##### SOURCE INFORMATION #####
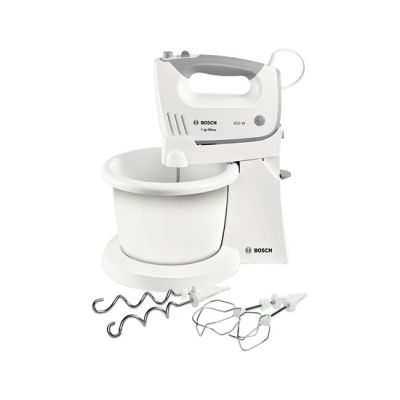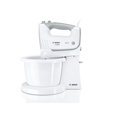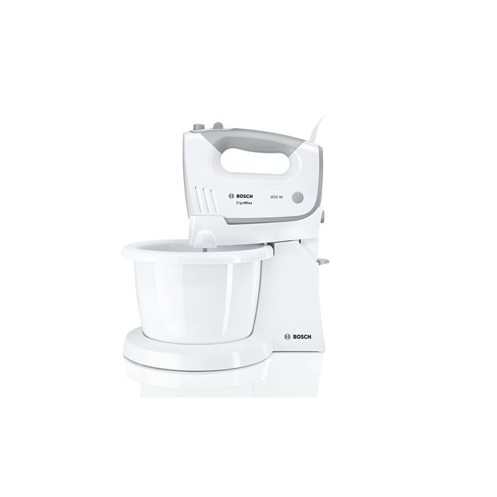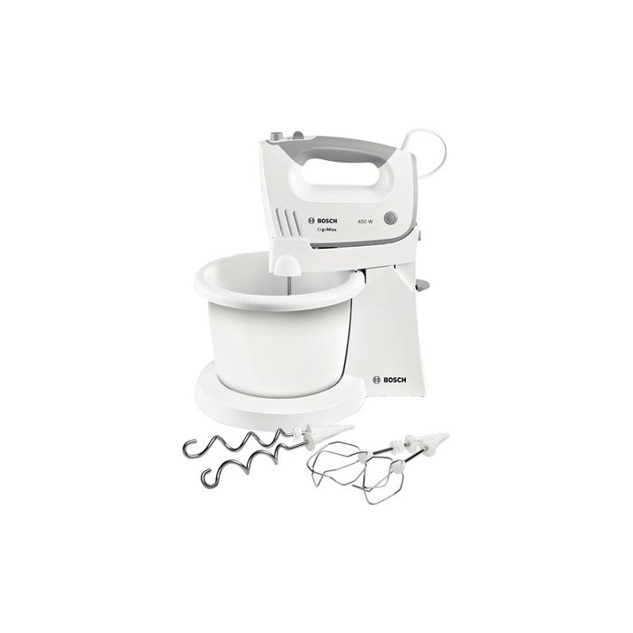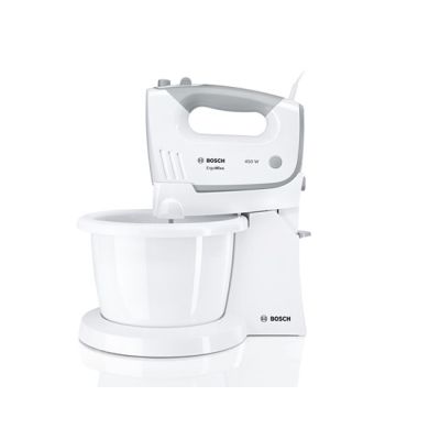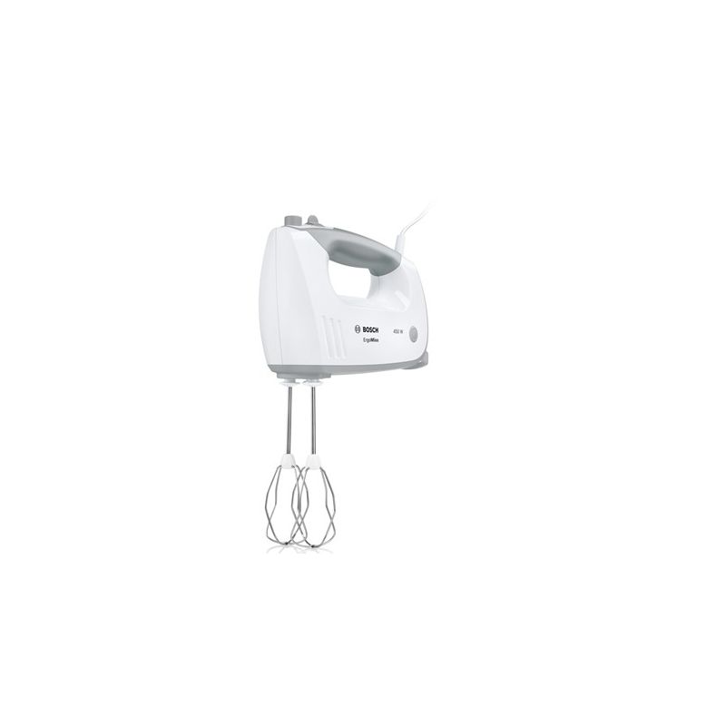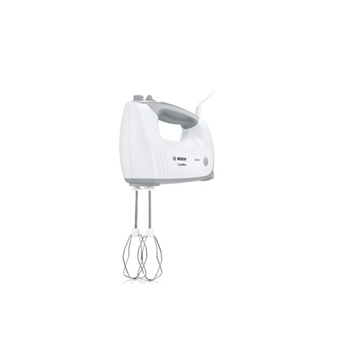 BOSCH mikser MFQ36460S ErgoMixx, Boja: BIJELA/SREBRNA ; 450W, 5 Brzina + Turbo ; Postolje s automatski okretnom zdjelom; Pribor: 2 standardne metlice; 2 kuke za miješanje, SL
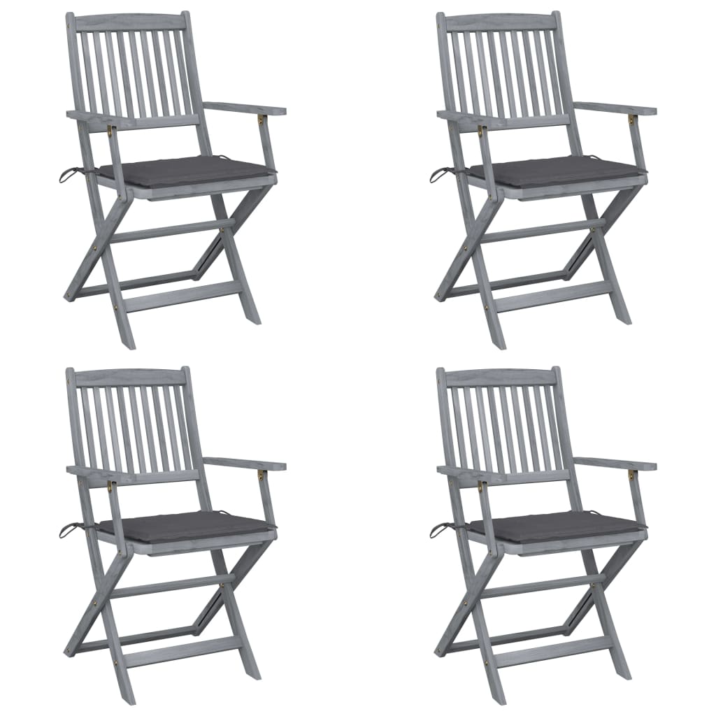 Deze moderne houten stoelenset met kussens voegt een vleugje natuurlijke stijl toe aan je tuin, patio of terras. Deze klapstoelen zijn een goede keuze als je buiten wilt eten.
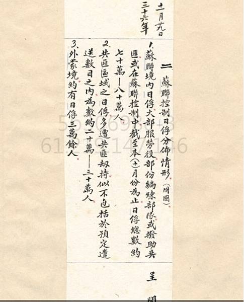 ,直到1947年1月尚有37萬餘在華.不知是否因呈文中提到美國僅協助遣返日僑俘至
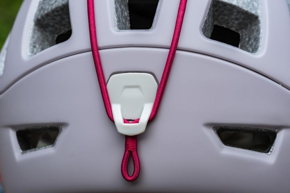 - tenká pracka na podbradnom pásiku sa zaistí na mieste, aby sa neposúvala a nedošlo k nechcenému uvoľneniu popruhu
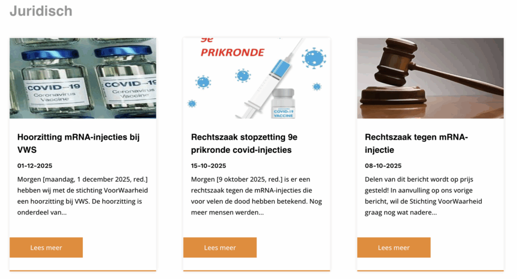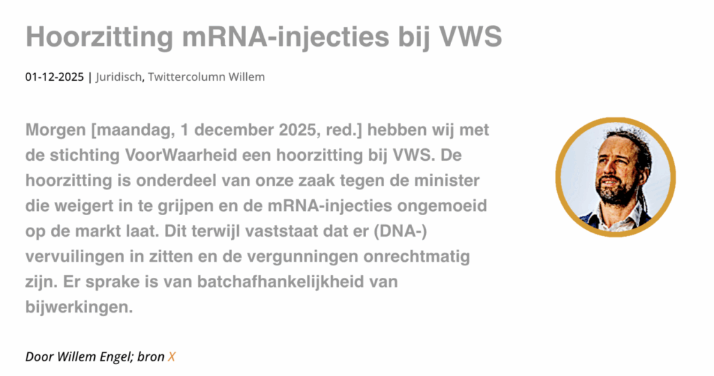De nieuwe poging van VoorWaarheid om nog meer prikschade te voorkomen en mensenlevens te redden, leidt van het kastje naar de muur. Al jaren vragen VoorWaarheid voorzitter Willem Engel, voormalig advocate Maria-Louise Genet en voormalig griffier Jacob van der Veer rechters en instanties keer op keer om (tijdelijke) opschorting van de experimentele gen-therapeutische Covid-19 injecties. Tijdens een online hoorzitting tegen de Minister van VWS op 1 december 2025, draagt het drietal cijfers, feiten en wetten aan om de jarenlange oversterfte een halt toe te roepen, en aandacht te vragen voor de vele slachtoffers en bijwerkingen. Tevergeefs, bleek opnieuw.
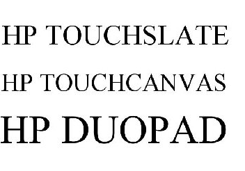 Компания Hewlett-Packard подала в Офис Патентов и Торговых марок США (USPTO) заявку на регистрацию марок HP Duopad, HP Touchslate и HP Touchcanvas. Напомним, ранее она регистрировала PalmPad и HP Touchpad. По всей видимости, HP выбирает название для своих будущих планшетов. Можно предположить, что не все из этих наименований будут использоваться, просто компания решила на всякий случай зарегистрировать несколько возможных вариантов.
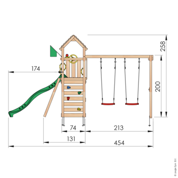 Speeltoestel Jungle Gym Safari douglas met glijbaan donker groen en 2-schommel module
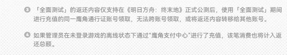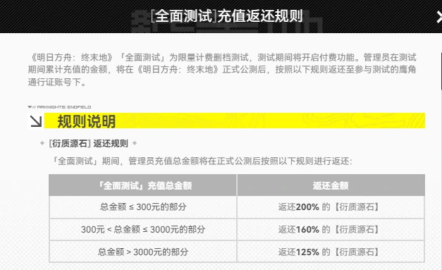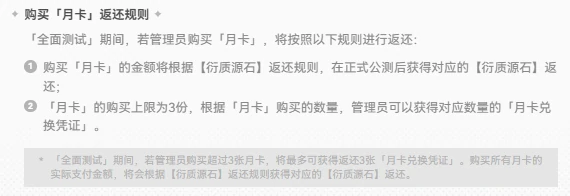 1. 全面测试期间,若玩家购买的月卡数量超过3张,最多可获得3张「月卡兑换凭证」的返还。而购买所有月卡的实际支付金额,将按照衍质源石的返还规则,兑换为对应数量的衍质源石进行返还。
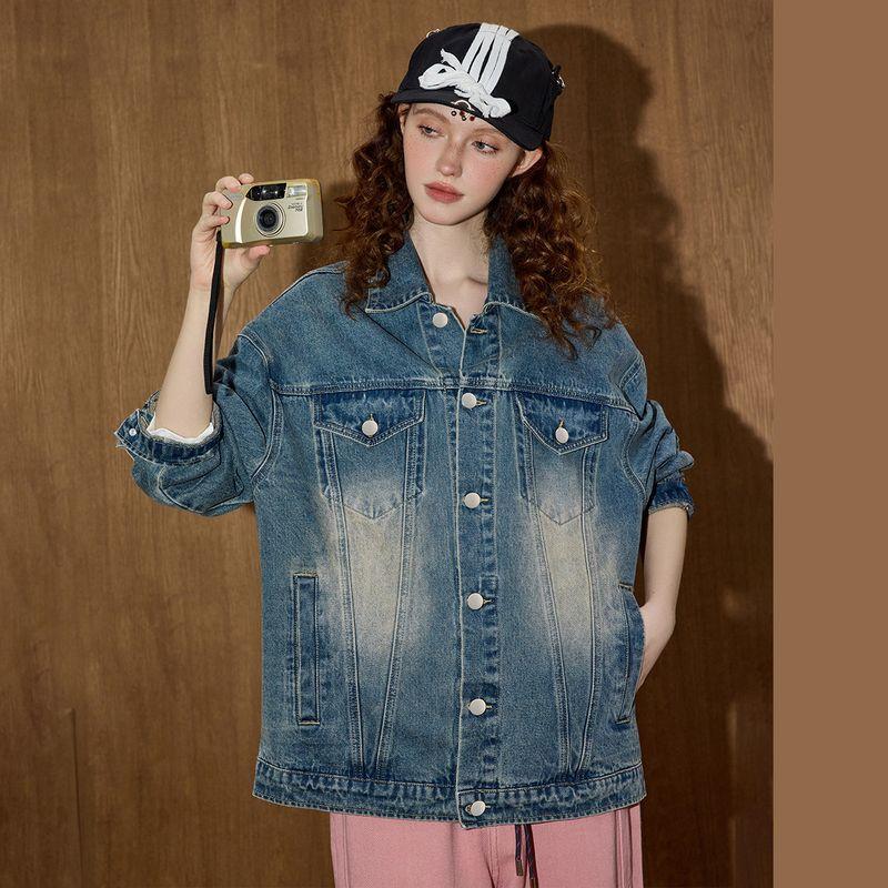 Coolhut American Retro Loose and Versatile Distressed Denim Jacket 2025 Autum Women's Fashion Jacket
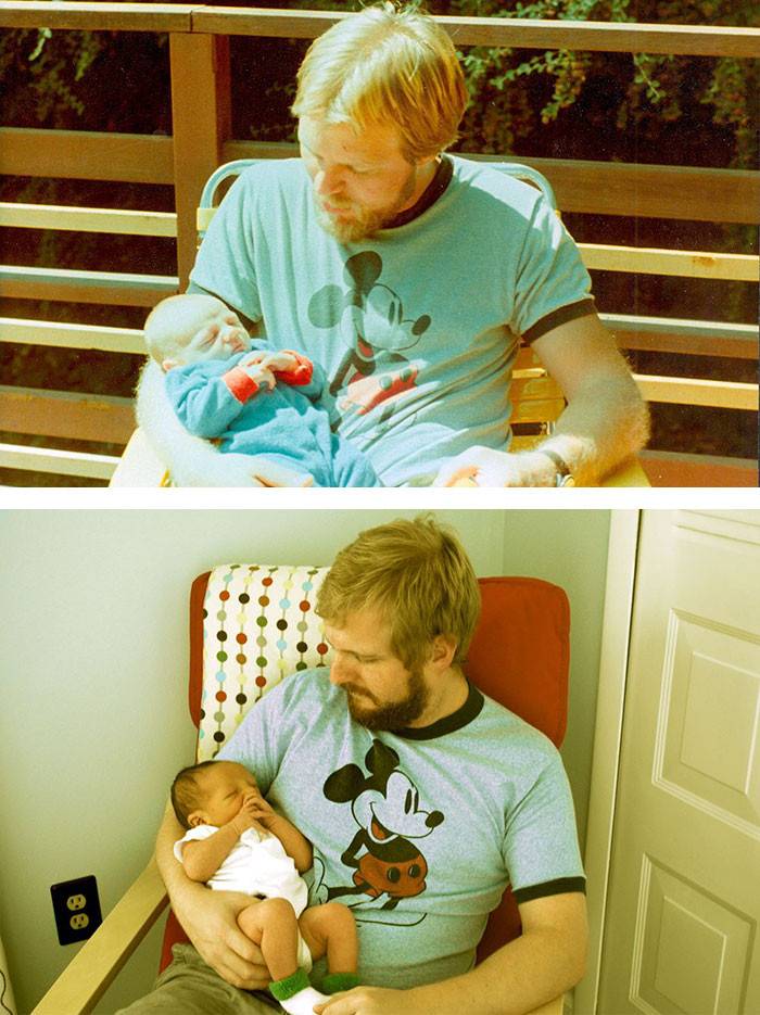 ▼我爸29岁时跟两周大的我 VS 29岁时的我和我两周大的儿子(还真有默契)
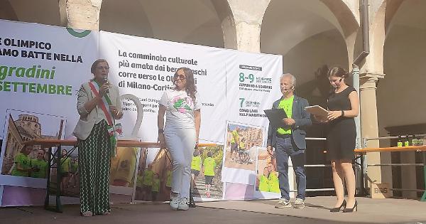 BERGAMO - La decima tappa del progetto di Regione Lombardia "Il Cuore dei Giochi Olimpici e Paralimpici Invernali Milano - Cortina 2026", ha avuto come protagonista Bergamo e la sua Millegradini. Durante il weekend del 20 e 21 settembre le strade e i vicoli della città hanno accolto dodicimila persone circa che hanno partecipato a quello che è ormai, appunto, un appuntamento classico. La "Millegradini" di Bergamo, una camminata culturale, sportiva e sociale porta i partecipanti di tutte le età a visitare i luoghi più importanti e iconici della città. L'edizione 2025 ne ha visti protagonisti più di 60, aperti al pubblico gratuitamente. Durante la cerimonia ufficiale di domenica 21, la sindaca di Bergamo, Elena Carnevali, ha ricevuto dalle mani dell'assessore regionale al Turismo, Marketing territoriale e Moda, Barbara Mazzali, il cuore di marmo bianco, simbolo del progetto "Cuori Olimpici". Di provincia in provincia, "Cuori Olimpici", sta portando lo spirito delle Olimpiadi in tutto il territorio regionale, una staffetta che punta a valorizzare le bellezze e il patrimonio culturale di tutta la Lombardia. La tappa bergamasca è stata supportata da BV Tech, Sopra Steria e Top Taglio. "Per Bergamo è un riconoscimento molto importante, ringraziamo quindi la Regione Lombardia per aver scelto la 'Millegradini' come una delle tappe del progetto 'Cuori Olimpici'", ha detto la Sindaca Carnevali. "Mi ha fatto un effetto incredibile - ha detto l'Assessore Mazzali, commentando l'esperienza di percorrere le vie della città e di visitare alcuni dei luoghi parte del percorso - nonostante io Bergamo la conosca benissimo. Tutto quello che ho visto mi sembrava nuovo e questa è la vera dimostrazione di cosa voglia dire camminare con lentezza e riuscire a leggere una città in tutta la sua straordinaria offerta". La "Millegradini" è stata un evento che ha messo l'inclusione al centro con il percorso "Zerogradini" pensato per chi ha difficoltà motorie come anziani, famiglie con passeggini o persone con disabilità. "La Millegradini unisce cultura, sport, natura e inclusione in un'esperienza che parla a tutti e ci ricorda quanto sia prezioso il nostro territorio. Con il Cuore Olimpico poi, Bergamo quest'anno si apre anche a un orizzonte più ampio, diventando parte attiva del cammino verso Milano-Cortina 2026", ha detto ancora Elena Carnevali. Le prossime due tappe del progetto "Il Cuore dei Giochi Olimpici e Paralimpici Invernali Milano - Cortina 2026" saranno il 7 e 8 novembre a Sondrio e il 7 dicembre a Como. - foto f03/Italpress - . f03/fsc/red 23-Set-25 11:15
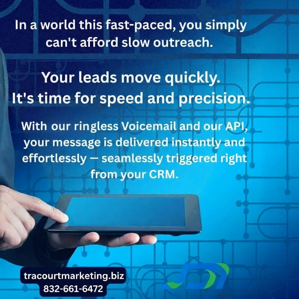 Ringless voicemail from Tracourt Digital is a powerful way to reach customers without interrupting their day. Messages are delivered directly to a recipient’s voicemail inbox without the phone ever ringing, making it a non-intrusive and highly effective communication tool. This approach is ideal for reminders, promotions, service updates, appointment confirmations, and reactivation campaigns.
#####
- ABOUT THIS EXERCISE -
All lines from the start of the entries above through the line containing "- tenká pracka" are to be given again exactly; the pictures are not.

- WRITTEN SOLUTION -
 BOSCH mikser MFQ36460S ErgoMixx, Boja: BIJELA/SREBRNA ; 450W, 5 Brzina + Turbo ; Postolje s automatski okretnom zdjelom; Pribor: 2 standardne metlice; 2 kuke za miješanje, SL
 Deze moderne houten stoelenset met kussens voegt een vleugje natuurlijke stijl toe aan je tuin, patio of terras. Deze klapstoelen zijn een goede keuze als je buiten wilt eten.
 ,直到1947年1月尚有37萬餘在華.不知是否因呈文中提到美國僅協助遣返日僑俘至
 - tenká pracka na podbradnom pásiku sa zaistí na mieste, aby sa neposúvala a nedošlo k nechcenému uvoľneniu popruhu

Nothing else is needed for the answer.